In such a market environment, long-term investors have a few smart tricks up the sleeves that help them keep a steady footing and ensure that their investments stay profitable during such unstable times.

Here are some smart things you can do in your brokerage account while the market is down.

Let It Pass

Sometimes, the best thing you can do is just to let the market storm pass and avoid making frequent glances at your brokerage account.

For your security, it would help to keep yourself updated with the current state of the market and your investments. After all, occasionally checking your account allows you to determine whether you need to rebalance and can be a wise move if you’re near retirement.

However, many looks at their brokerage account more often than they should. Such a practice can affect them emotionally, especially when they see their account value dropping, leading them to make some poor investment decisions.

When markets are down, emotional influence is a significant obstacle that investors must overcome and learn to use to their advantage.
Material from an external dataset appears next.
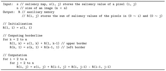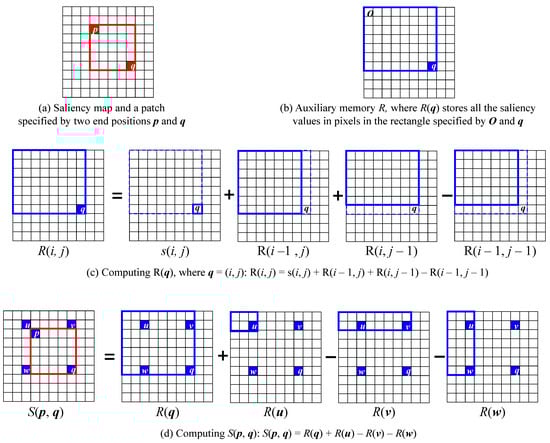 For efficient estimation, we use a cumulative summation scheme with an auxiliary memory R of size n × n . R ( q ) , where q = ( i , j ) , stores the sum of the saliency values in a patch defined by O and q, where O is the origin of the image. From s ( x , y ) , the saliency values at a pixel ( x , y ) , R ( i , j ) is computed by the following formula:

Seeing your portfolio value decline could prompt you to leave before the situation grows more dire. But if you look at it from a long-term perspective, choosing to take flight is never a good idea. That is why you should avoid checking your brokerage account regularly.

Rebalance

Rebalancing is a process where you aim to keep your portfolio’s asset allocation in line with your investment strategy by buying and selling specific holdings.

For example, if a stock in your portfolio has become overweight, you can put new money into other stocks until you balance the risk and reward in the portfolio again.
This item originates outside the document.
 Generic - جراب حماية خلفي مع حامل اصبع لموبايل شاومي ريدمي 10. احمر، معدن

Another option is to sell your well-performing investments and redirect the returns into certain asset classes in your portfolio that may need a boost to bring the allocation back to your preferred level.
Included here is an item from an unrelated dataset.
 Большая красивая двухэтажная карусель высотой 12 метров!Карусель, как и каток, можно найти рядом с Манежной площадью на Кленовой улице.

Investors sometimes choose to be hands-on with rebalancing, even if it’s automatic with target-date funds or robo-advisors. If you take the manual approach, it’s vital that you go over your investments after the market makes a sharp climb or decline.

Boost Retirement Contributions

A market downturn can be an excellent time to ramp up your retirement contributions. Because not only are you saving more for your future, but you’ll be doing so during a down market, which has proven to be an excellent time to make some new investments.

Financial professionals recommend that people set aside 10% of their income for retirement contributions, which doesn’t include employer matching contributions. While the average 401(k) contribution is around 7%, many usually contribute 3% to 5% to benefit from their employer’s match.

Nevertheless, you don’t have to start saving 10% of your salary for retirement contributions right away. Contributing only 1% of your income to a 401(k) or individual retirement account (IRA) can also be helpful over the long term.